このDJさん良いなあ、って好きになった人が居たとしたら、その人はもれなく「構成を考えて持ち時間を使っている」前提と考えたほうがいいです。

いわゆるシメのパート

初期衝動を持った時に、すぐにエントリーできるDJという趣味はすごく間口が広いのですが、拡大スピードや環境の変化に対して「構成考えなきゃいけない理由を明文化してないな」と思ったので、書きました。

シングルカットだけではなく、アルバムを聞いたり、他のDJのプレイをオンライン・オフライン問わず聞いておくとある日、自分の中で「何が好きだったのか」が分かり、自分が育つスピードが爆速で上がるんですね。

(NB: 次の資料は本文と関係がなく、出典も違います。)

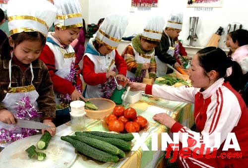 4月30日,幼儿园的孩子们在劳动课上学做蔬菜大餐。“五一”前夕,江苏淮安市一家幼儿园开设“劳动最光荣”主题课,通过辨识劳动工具、实物操作等系列活动,增强孩子们从小热爱劳动、珍惜劳动成果的意识。新华社发(叶首卫摄)
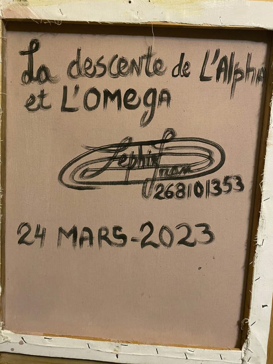 Frantz Zephirin 26.5"x22.50 "La Descente de l'Esprit et l'Omega" 2023 Oil on Board- Encrusted Painted Frame Painting #13JN-NY
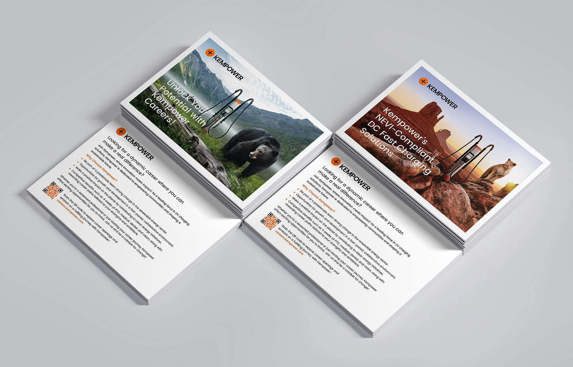 KEMPOWER designs and manufactures DC fast charging solutions for electric vehicles. Originally founded in Finland, KEMPOWER recently expanded to Durham, NC, establishing their new headquarters. Their vision is to create a society powered by fully electric transportation, contributing to a cleaner and more sustainable world. Leveraging our success with other prominent brands, we were engaged as a creative vendor to support their North American marketing and brand team with daily design needs.
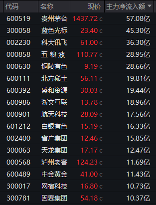 个股方面,蓝色光标获得逾45亿元净流入,科大讯飞获得逾36亿元净流入,五粮液、铜陵有色均获得超20亿元净流入,北方稀土、盛和资源等11股也获得超10亿元净流入。
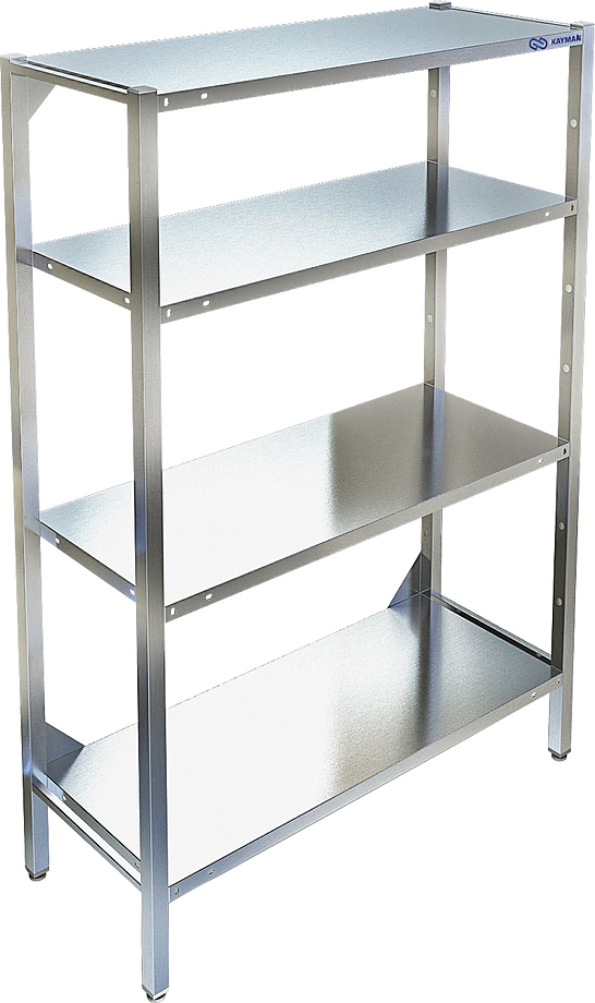 Кухонный стеллаж Техно-ТТ СТР-134/704 используется на предприятиях общественного питания, торговли и пищевых производствах для хранения посуды, кухонного инвентаря и продуктов. В модели предусмотрены регулируемые ножки и полки. Тип каркаса - разборный, полки - сплошные. Материал каркаса - нержавеющая сталь AISI 304 (труба 40х20 мм толщиной 1.2 мм), материал полок - нержавеющая сталь AISI 304 (толщина 0.8 мм).
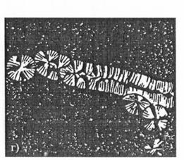 Первичные ламели имеют значительную поверхностную энергию, поэтому происходит их агрегация, приводящая к образованию монокресталов - более сложных надмолекулярных образований. При кристаллизации из расплава или концентрированного раствора полимера наиболее общего типа вторичного кристаллического образования является сферолит (рисунок 3), имеющий кольцевую или сферическую форму и достигающую гигантских размеров до 1см. В радикальных или сферических сферолитах каркас формируется из ленточных, кристаллических образований направленных от центра к периферии [6].
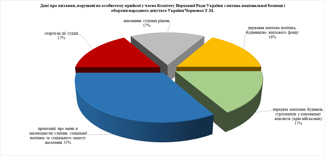 У своїх зверненнях до народного депутата відвідувачі порушували питання соціальної політики та соціального захисту населення, житлової політики, забезпечення дотримання законності та охорони правопорядку, реалізації прав і свобод громадян, запобігання дискримінації.

お手軽にいろんな人のDJを体験できて、デビューできる世の中ですし、DJ始めたけど(始めたいけど)何したら良いの? って思ったら、たくさんアルバムとDJプレイを聴きましょう、その上でDJプレイのコンセプトはなんだろう? を頭の隅に入れておくととても成長できるので、チート的にお得ですよ、という話でした。

付随するであろう
・アニクラのイベントは全員で1つの作品
・曲を流す上で注意したほうがいいハウスルール
・アニクラって言われてもジャンル多いからどうしたらいいの
は今後扱いますー、一気に話すると「メンドクセエやってられるか」の可能性が出るので今回はナシ。

異論反論大募集しておりますし、自分でも添えた方がいい要素がたくさんあるので、改稿していきますけど、今日はこのへんで(執筆60分)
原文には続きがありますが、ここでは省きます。